__Exercise prompt__.
Your answer must be an exact copy of the lines below, from the first through the one with "Tette doble blomster", with no pictures.
[Start of Attachment]
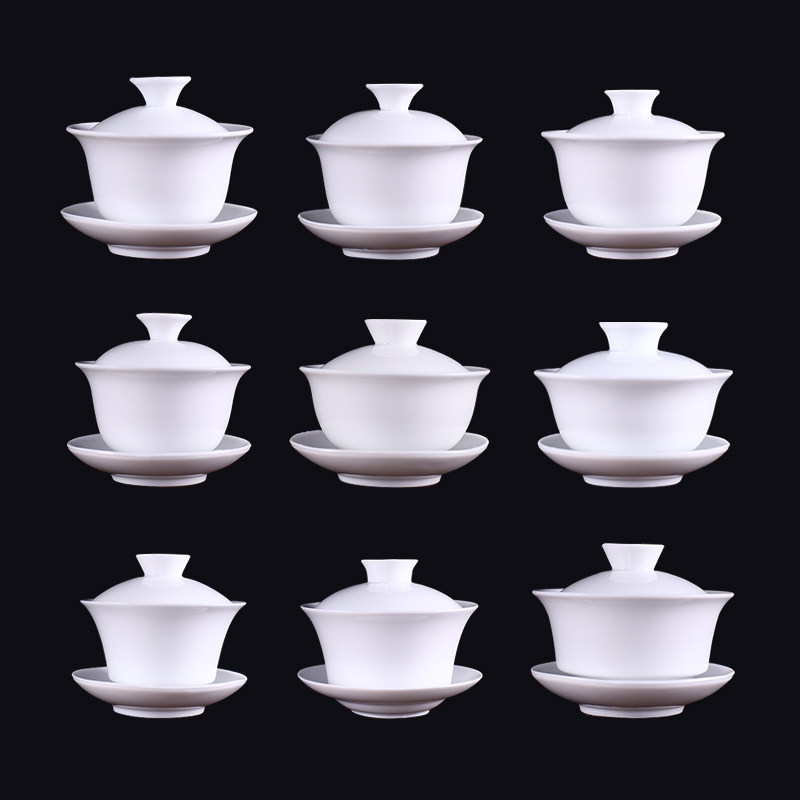 Dehua white porcelain size three-cai Gaiwan LOGO private custom lettering DIY creative personality small gift
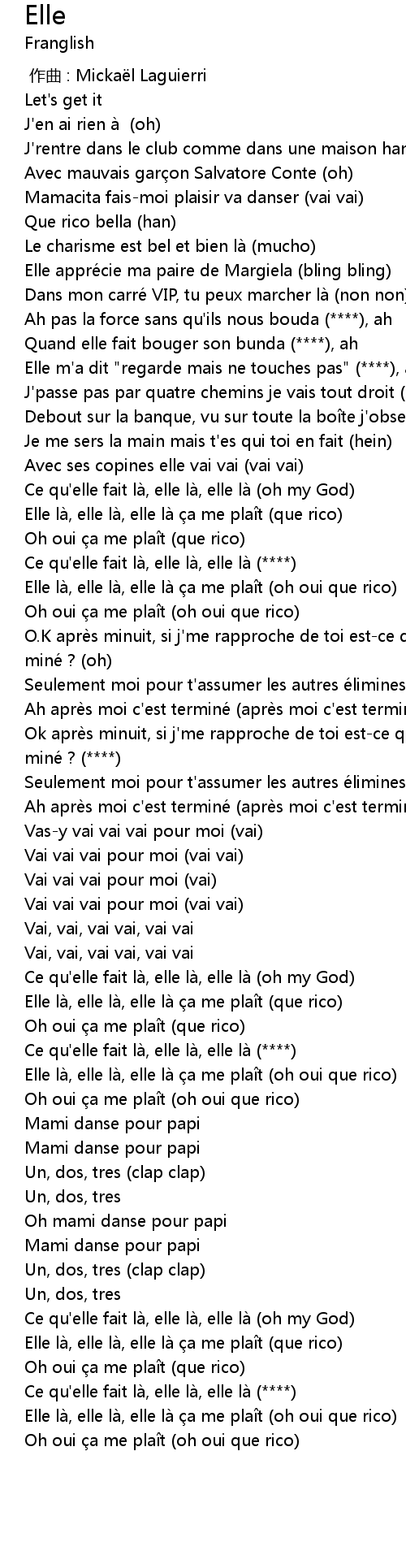 | [00:59.97] | Ce qu'elle fait là, elle là, elle là (****) |
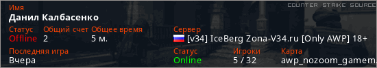 Играет на Counter Strike Source сервере. Страна: РоссияПервый раз замечен 21:43 28.12.2025
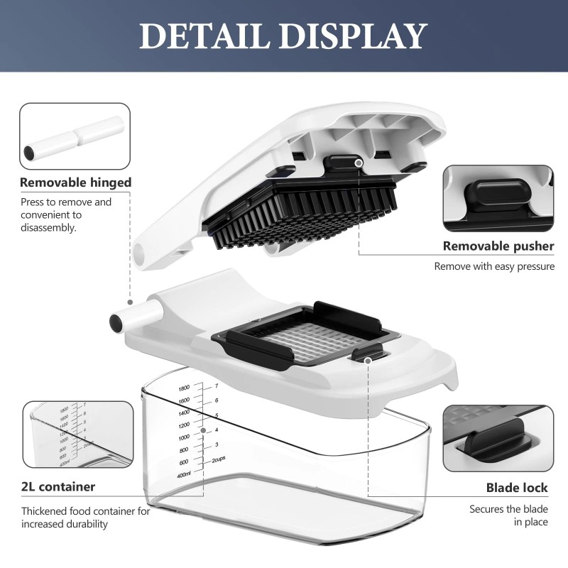 A kitchen essential gadgets - The expanded hand guard ensures the safety of your fingers, while its detachable design facilitates easy cleaning. Whether you're a novice cook or a seasoned pro, the 8 in 1 food chopper with mandolin slicer is a must-have in any kitchen. It's versatile, easy and safe to use and store, and backed by our satisfaction
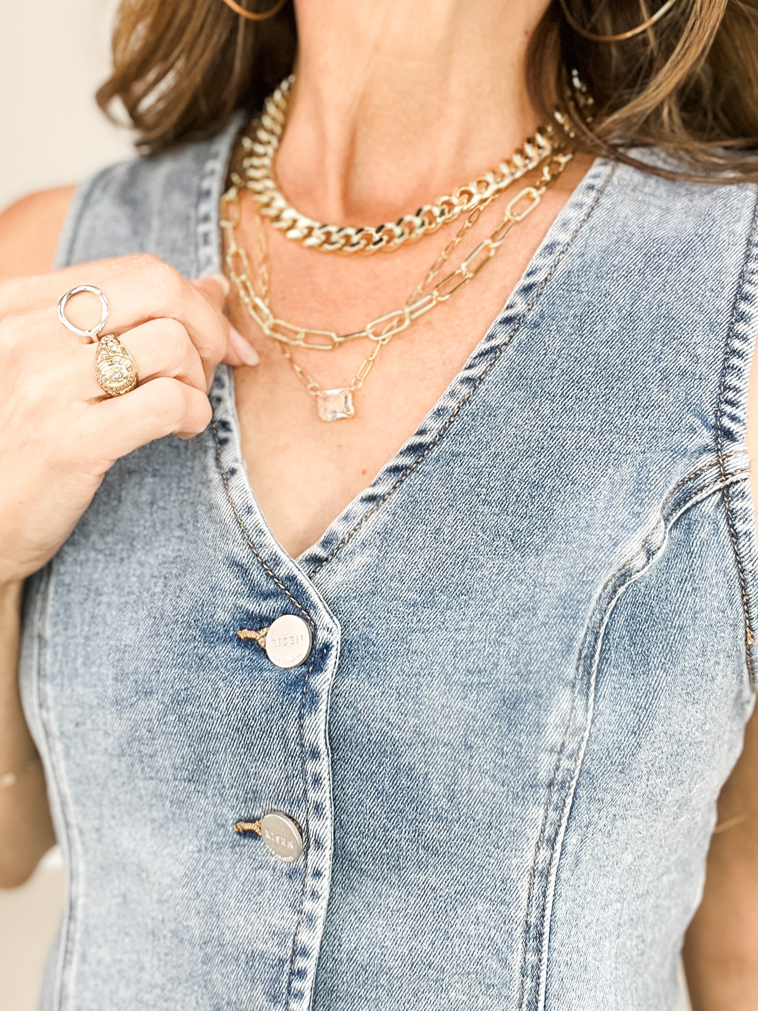 Risen V-Neck Denim Sleeveless Button Down Vest
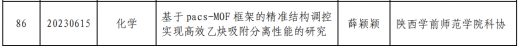 近日,陕西省科协发布了《关于2023年陕西省科协青年人才托举计划项目立项的通知》(陕科协发〔2023〕事企字8号),化学化工学院薛颖颖博士申报的“基于pacs-MOF框架的精准结构调控实现高效乙炔吸附分离性能的研究”项目获批,项目编号:20230615。
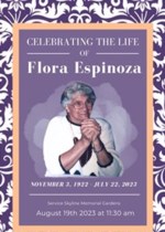 Flora Maria Espinoza, age 100, of Portland, Oregon passed away on Saturday, July 22, 2023. A visitation for Flora will be held Saturday, August 19, 2023, with guests welcome to gather at 11:00am. Th...
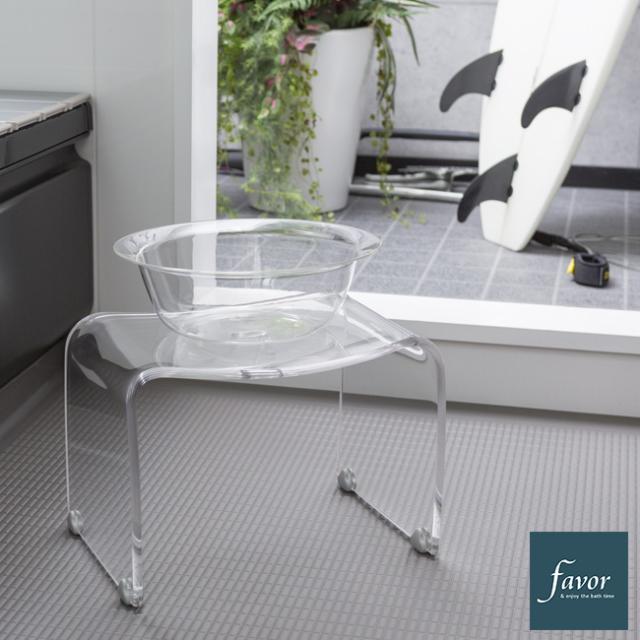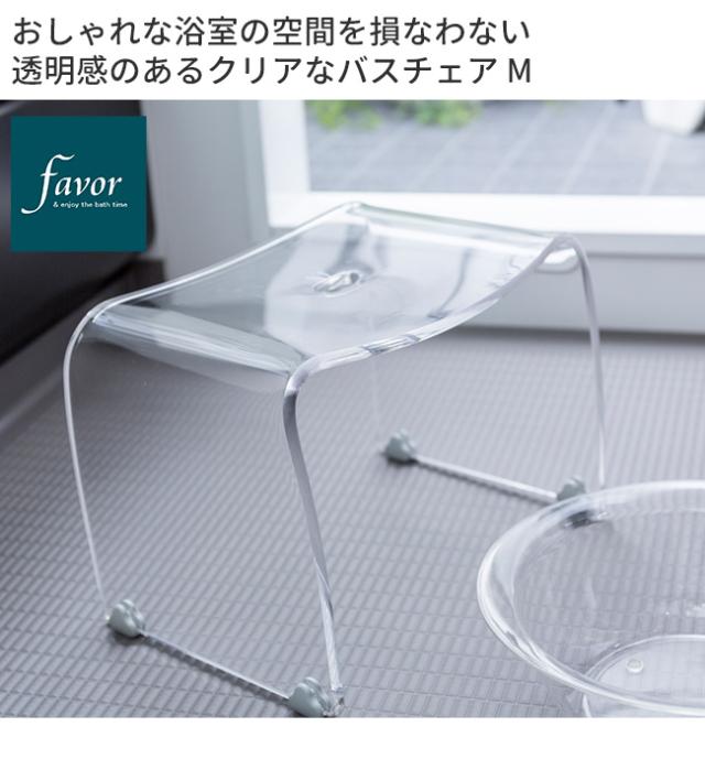 favor フェイヴァ バスチェア Mサイズ(アクリル バスチェアー お風呂イス 透明 クリア シンプル デザイン おしゃれ お風呂用 椅子 無色 浴室 風呂いす 洗いやすい イス ふろいす) 即納
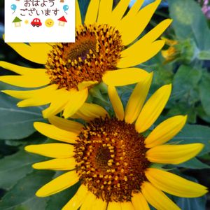 🌼庭の花🌼 【ミニ向日葵】 🌻🌻🌻🌻🌻🌻🌻🌻 普通は1本の枝に1つの花が咲く種類なんですがこの向日葵さんは双子(*^^*) ミニと言っても背丈は120センチ位はあります(笑) これってミニ⁉️⁉️ おはようございます(*^^*) 昨日、ふと気付くと 日が暮れるのが早くなっているわ😨 少し前までは19時でも明るかったのに😅 しかし暑さはまだまだ残暑(T_T) 早く涼しくなって欲しいなぁ(*^^*)
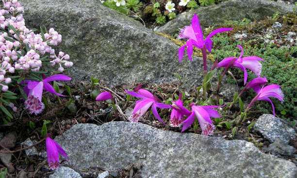...und wenn es noch eines Beweises bedarf, dass Pleione limprichtii eine absolut harte und konkurrenzstarke Pflanze ist - hier ist er! Ich habe vor etlichen Jahren einige kleine Bulben in das Wurzelgeflecht von Zwergrhodos, Farnen und Waldsauerklee gedrückt und dann vergessen. Seht, was daraus geworden ist.
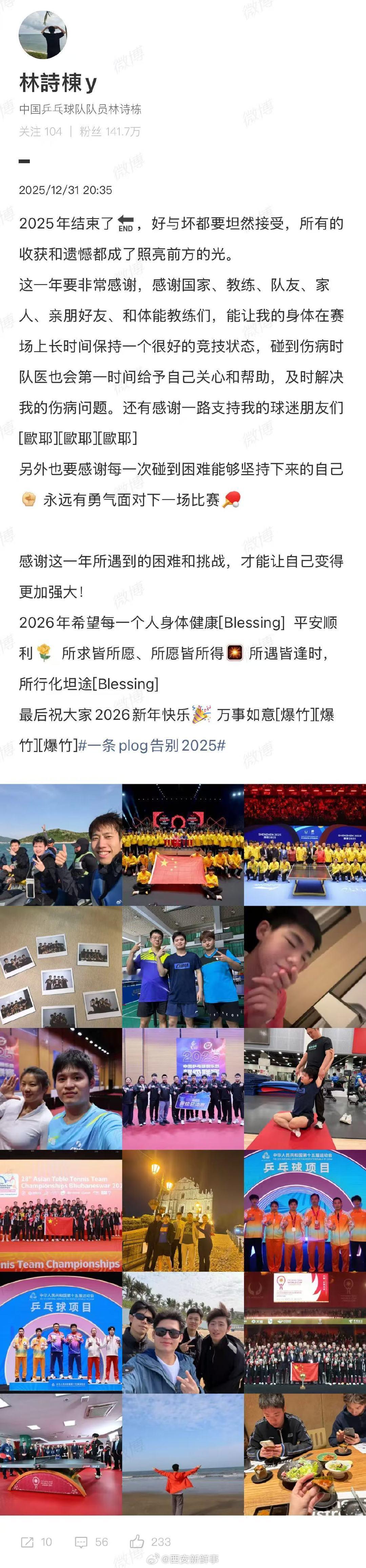【林诗栋说25年结束了好坏都接受】林诗栋发博总结2025年12月31日,发博总结2025年。他称,2025年结束了,好与坏都要坦然接受,所有的收获和遗憾都成了照亮前方的光。这一年要非常感谢,感谢国家、教练、队友、家人、亲朋好友、和体能教练们,还有感谢一路支持我的球迷朋友们。感谢这一年所遇到的困难和挑战,才能让自己变得更加强大。2026年希望每一个人身体健康、平安顺利、所求皆所愿、所愿皆所得、所遇皆逢时,所行化坦途,最后祝大家2026新年快乐🎉
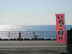 1月から5月までのいちご狩りシーズンに久能海岸沿いを走ると、
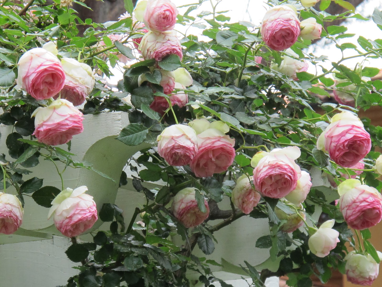 Tette doble blomster i elfenbenskygge, med rosa pust langs kanten av kronbladet, henger under egen vekt. Variasjonen ble skapt for middelhavshager; i kule regioner kan det hende at knoppene ikke åpnes før slutten, noe som gir rosen en ekstra sjarm.
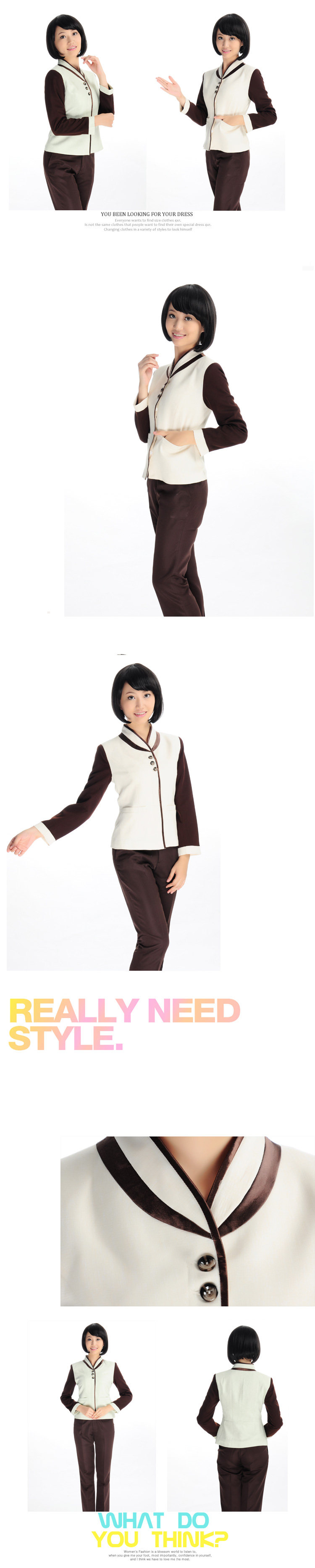商品信息名 稱:BJ523面 料:精品形象呢(有里布)適合季節(jié):秋冬季(冬季里面需穿保暖性好的衣物)試穿尺碼:女模身高168CM 體重95斤 尺碼L(女裝碼偏小)特別說明:此款為上衣的價格哦,模特所穿褲裙本店均有銷售。
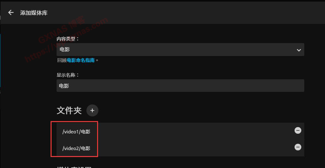 (2)根据需要添加影视文件所在的文件夹,比如我的NAS有两个影视的文件夹,所以设置了"video1"和"video2"两个装载路径,这个装载路径可以自己定义名称;
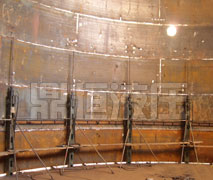 液压提升设备提升原理利用液压提升装置均布于储罐内壁圆周处,先提升罐顶及罐体的上层壁板,然后逐层组焊罐体的壁板。采用自锁式液压千斤顶和提升架、提升杆组成的液压提升机,当液压千斤顶进油时,通过其上卡头卡紧并举起提升杆和胀圈,从而带动罐体向上提升;当千斤顶回油时,其上卡头随活塞杆回程,此时其下卡头自动卡紧提升杆不会下滑,千斤顶如此反复运动使提升杆带着罐体不断上升,直到预定的高度。当下一层壁板对接组焊后,打开液压千斤顶的上、下松卡装置,松开上下卡头将提升杆以及胀圈下降到下一层壁板下部胀紧、焊好传力筋板,再进行提升。如此反复,使已组焊好的罐体上升,直到后一层壁板组焊完成,从而将整个储罐安装完毕。
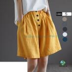 ショートパンツ 綿麻風 レディース ボトムス ゆったり 薄手 涼しい ハーフパンツ 短パン 膝上 夏 着痩せ 可愛い 無地 シンプル 部屋着
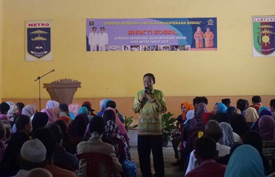 cyberkatulistiwa.com, Metro – Pemerintah kota Metro Melalui Dinas Sosial selenggarakan kegiatan Bhakti Sosial Lembaga Koordinasi Kesejahteraan Sosial (LKKS) Kota Metro, diperuntukkan kepada Fakir Miskin, Penyandang Disabilitas dan lanjut usia terlantar tahun 2019 yang dilaksanakan di Aula Kelurahan Ganjar Agung, Kecamatan Metro Barat Kota Metro, Jumat(03/05/2019).
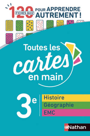 3 e Histoire Géographie EMC Toutes les cartes en main Pour réviser seul ou à plusieurs ! 120 fiches quiz ¤ Mémoriser tous les points du programme pour...Savoir plus
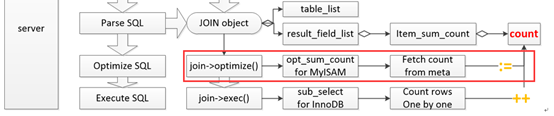 • 共性:共性存在于 SQL 层,即 SQL 解析之后的数据结构是一致的,count 变量都是存在于作为结果列的 Item_sum_count 类型对象中;返回给客户端的过程也类似 – 对该 count 变量进行赋值并经由 MySQL 通信协议返回给客户端。
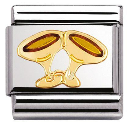 Composable Classic size charm in stainless steel with 18ct yellow gold golden enamel Champagne Saucer Cheers symbol.
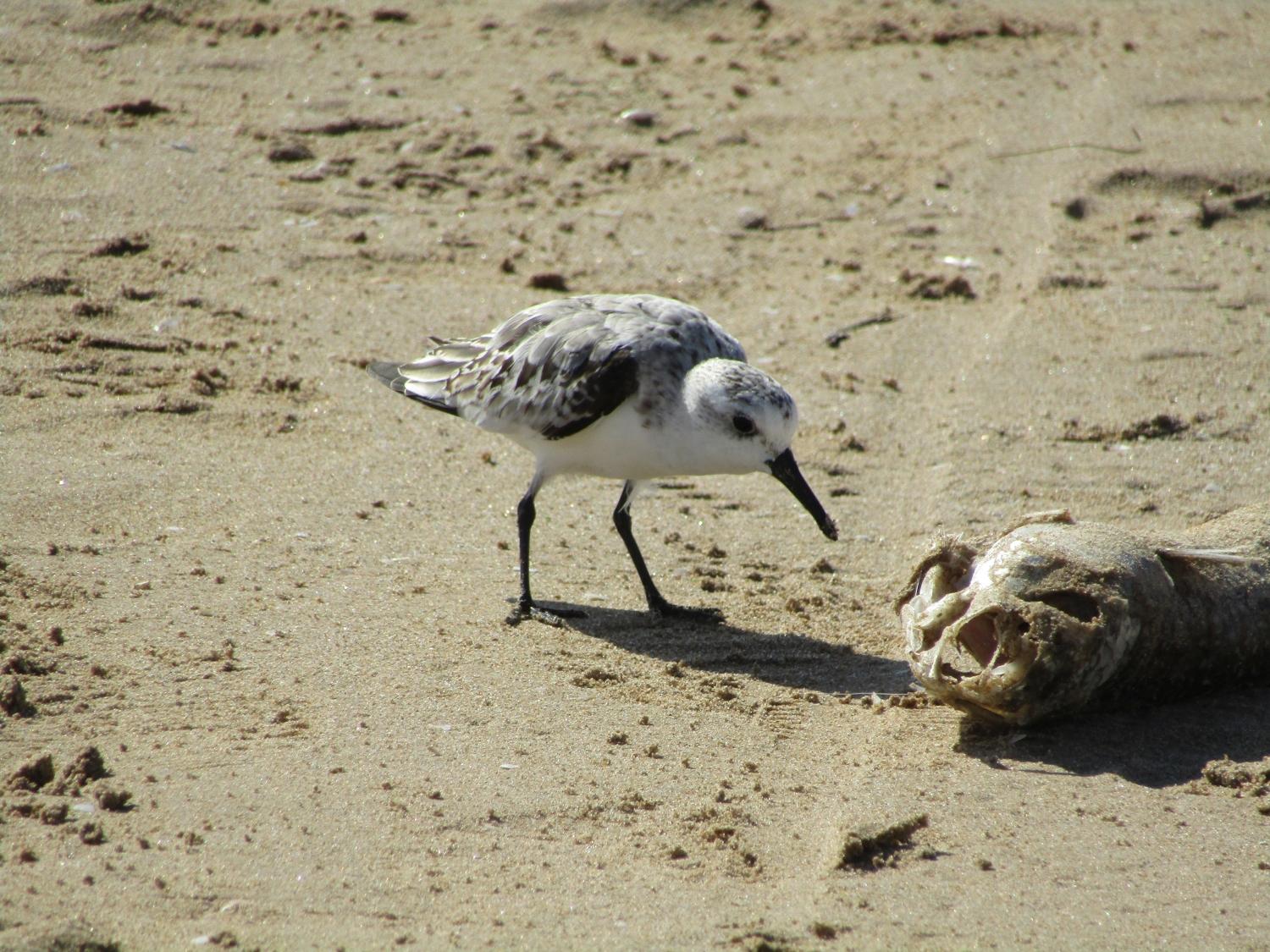 Chorlitejo patinegra - oder auch Regenpfeifer - riecht an einem etwas gammeligen Fisch. Oder vielleicht findet er ihn einfach zu sandig?
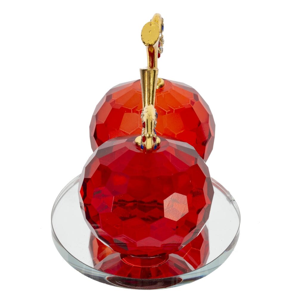 Декоративная фигурка «Вишни» — изящный акцент для интерьера, который привнесёт в пространство яркий цвет и ощущение праздника. Две объёмные ягоды выполнены из прозрачного красного стекла с гранёной поверхностью, благодаря чему фигура красиво переливается и играет бликами при любом освещении. Золотистые веточки с листьями из полимерного материала украшены мелкими декоративными вставками, создающими эффект драгоценных камней. Композиция установлена на аккуратную зеркальную подставку, подчёркивающую блеск и насыщенность цвета. Высота фигурки 6 см — удобный компактный размер для размещения на полке, рабочем столе, туалетном столике или в витрине. Отличный вариант подарка и стильная деталь декора в гостиной, спальне или офисе.
[End of Attachment]
__Output of the exercise__.
 Dehua white porcelain size three-cai Gaiwan LOGO private custom lettering DIY creative personality small gift
 | [00:59.97] | Ce qu'elle fait là, elle là, elle là (****) |
 Играет на Counter Strike Source сервере. Страна: РоссияПервый раз замечен 21:43 28.12.2025
 A kitchen essential gadgets - The expanded hand guard ensures the safety of your fingers, while its detachable design facilitates easy cleaning. Whether you're a novice cook or a seasoned pro, the 8 in 1 food chopper with mandolin slicer is a must-have in any kitchen. It's versatile, easy and safe to use and store, and backed by our satisfaction
 Risen V-Neck Denim Sleeveless Button Down Vest
 近日,陕西省科协发布了《关于2023年陕西省科协青年人才托举计划项目立项的通知》(陕科协发〔2023〕事企字8号),化学化工学院薛颖颖博士申报的“基于pacs-MOF框架的精准结构调控实现高效乙炔吸附分离性能的研究”项目获批,项目编号:20230615。
 Flora Maria Espinoza, age 100, of Portland, Oregon passed away on Saturday, July 22, 2023. A visitation for Flora will be held Saturday, August 19, 2023, with guests welcome to gather at 11:00am. Th...
 favor フェイヴァ バスチェア Mサイズ(アクリル バスチェアー お風呂イス 透明 クリア シンプル デザイン おしゃれ お風呂用 椅子 無色 浴室 風呂いす 洗いやすい イス ふろいす) 即納
 🌼庭の花🌼 【ミニ向日葵】 🌻🌻🌻🌻🌻🌻🌻🌻 普通は1本の枝に1つの花が咲く種類なんですがこの向日葵さんは双子(*^^*) ミニと言っても背丈は120センチ位はあります(笑) これってミニ⁉️⁉️ おはようございます(*^^*) 昨日、ふと気付くと 日が暮れるのが早くなっているわ😨 少し前までは19時でも明るかったのに😅 しかし暑さはまだまだ残暑(T_T) 早く涼しくなって欲しいなぁ(*^^*)
...und wenn es noch eines Beweises bedarf, dass Pleione limprichtii eine absolut harte und konkurrenzstarke Pflanze ist - hier ist er! Ich habe vor etlichen Jahren einige kleine Bulben in das Wurzelgeflecht von Zwergrhodos, Farnen und Waldsauerklee gedrückt und dann vergessen. Seht, was daraus geworden ist.
【林诗栋说25年结束了好坏都接受】林诗栋发博总结2025年12月31日,发博总结2025年。他称,2025年结束了,好与坏都要坦然接受,所有的收获和遗憾都成了照亮前方的光。这一年要非常感谢,感谢国家、教练、队友、家人、亲朋好友、和体能教练们,还有感谢一路支持我的球迷朋友们。感谢这一年所遇到的困难和挑战,才能让自己变得更加强大。2026年希望每一个人身体健康、平安顺利、所求皆所愿、所愿皆所得、所遇皆逢时,所行化坦途,最后祝大家2026新年快乐🎉
 1月から5月までのいちご狩りシーズンに久能海岸沿いを走ると、
 Tette doble blomster i elfenbenskygge, med rosa pust langs kanten av kronbladet, henger under egen vekt. Variasjonen ble skapt for middelhavshager; i kule regioner kan det hende at knoppene ikke åpnes før slutten, noe som gir rosen en ekstra sjarm.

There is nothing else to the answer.